[Collection entries]
------------------------------------------------------------------------

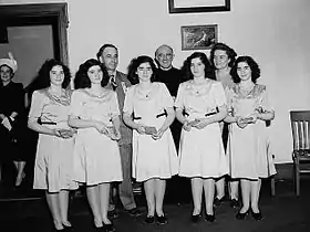 Quintuplets occur naturally in 1 in 55,000,000 births.[18] The first quintuplets known to survive infancy were the identical female Canadian Dionne Quintuplets, born in 1934. Quintuplets are sometimes referred to as "quins" in the UK[19] and "quints" in North America.[20] A famous set of all-girl quintuplets are the Busby quints from the TV series OutDaughtered.
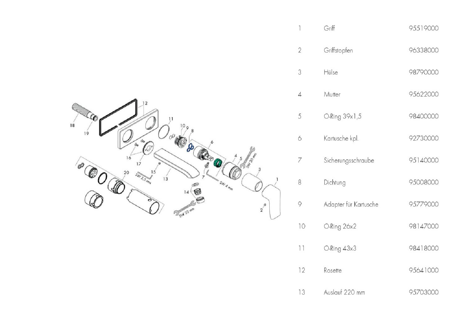 • Griff rechts oder links positionierbar, abhängig von der Installation des Grundkörpers
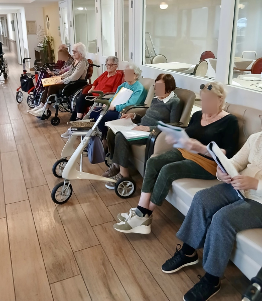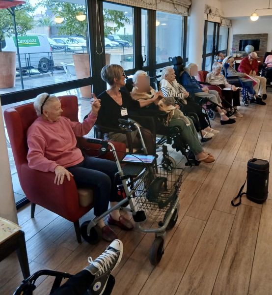 Chaque lundi après-midi, un moment très attendu par les résidents prend vie : l’animation chorale avec Nadine l'animatrice . Ensemble, les voix se rassemblent, les souvenirs remontent et les sourires illuminent la salle.
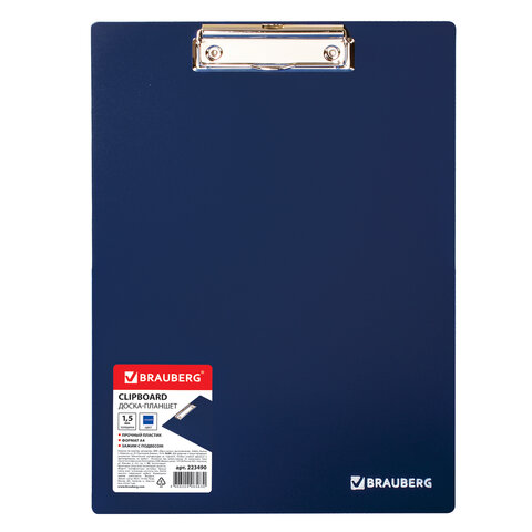 Доска-планшет BRAUBERG "Contract" с прижимом А4 (313х225 мм), пластик, 1,5 мм, СИНЯЯ, 223490
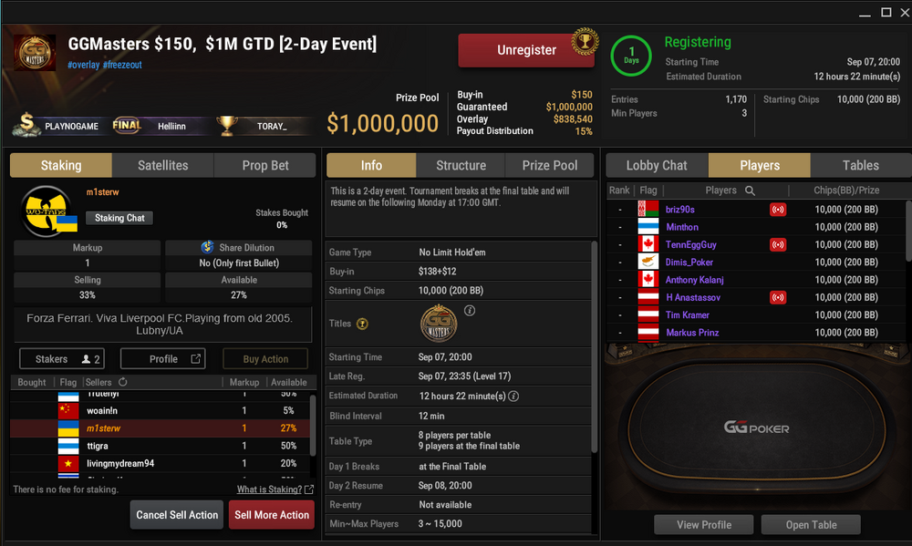 Привіт, друзі! Я готуюся зіграти в одному з найбільших турнірів цього тижня — GGMasters $150 з гарантованим призовим фондом $1,000,000! Це 2-денна подія, формат freezeout (без докупок), що робить гру особливо цікавою та вигідною для тих, хто вміє грати на витримку. Щоб розділити ризик і потенційний успіх, я продаю 27% своєї частки в цьому турнірі. І найголовніше — без націнки! Тобто, ви купуєте частки за їхньою номінальною вартістю. 1% коштує лише $1.50.
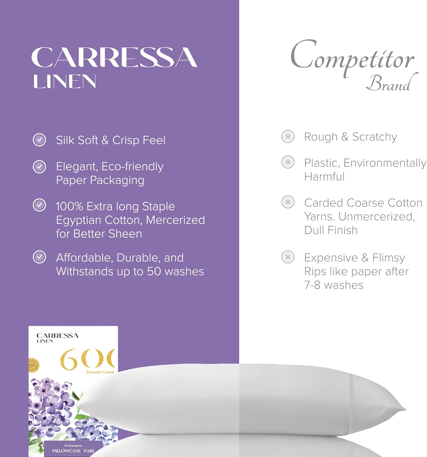 Carressa Linen 100% Egyptian Cotton Pillow Cases Set of 2-600 Thread Count Silver King Pillowcase for Sleeping, Soft, Silky Sateen Weave Bed Pillow Cover, Extra Long Staple Cotton Pillowcases
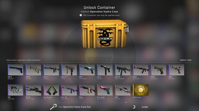 The Operation Hydra Case is a weapon case of community created weapon skins and new gloves released in the May 23, 2017 update, alongside with Operation Hydra as an exclusive drop to pass holders. It requires a Operation Hydra Case Key to be opened.
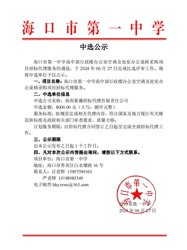 海口市第一中学高中部行政楼办公室空调及处室办公桌椅采购项目招标代理服务的遴选中选公示

------------------------------------------------------------------------

> [INSTRUCTIONS FOR THE TASK]: Please return, without any change, the lines from the line containing "Привіт, друзі! Я" through the last line of the entries, dropping the pictures.

> [TASK SOLUTION]:
 Привіт, друзі! Я готуюся зіграти в одному з найбільших турнірів цього тижня — GGMasters $150 з гарантованим призовим фондом $1,000,000! Це 2-денна подія, формат freezeout (без докупок), що робить гру особливо цікавою та вигідною для тих, хто вміє грати на витримку. Щоб розділити ризик і потенційний успіх, я продаю 27% своєї частки в цьому турнірі. І найголовніше — без націнки! Тобто, ви купуєте частки за їхньою номінальною вартістю. 1% коштує лише $1.50.
 Carressa Linen 100% Egyptian Cotton Pillow Cases Set of 2-600 Thread Count Silver King Pillowcase for Sleeping, Soft, Silky Sateen Weave Bed Pillow Cover, Extra Long Staple Cotton Pillowcases
 The Operation Hydra Case is a weapon case of community created weapon skins and new gloves released in the May 23, 2017 update, alongside with Operation Hydra as an exclusive drop to pass holders. It requires a Operation Hydra Case Key to be opened.
 海口市第一中学高中部行政楼办公室空调及处室办公桌椅采购项目招标代理服务的遴选中选公示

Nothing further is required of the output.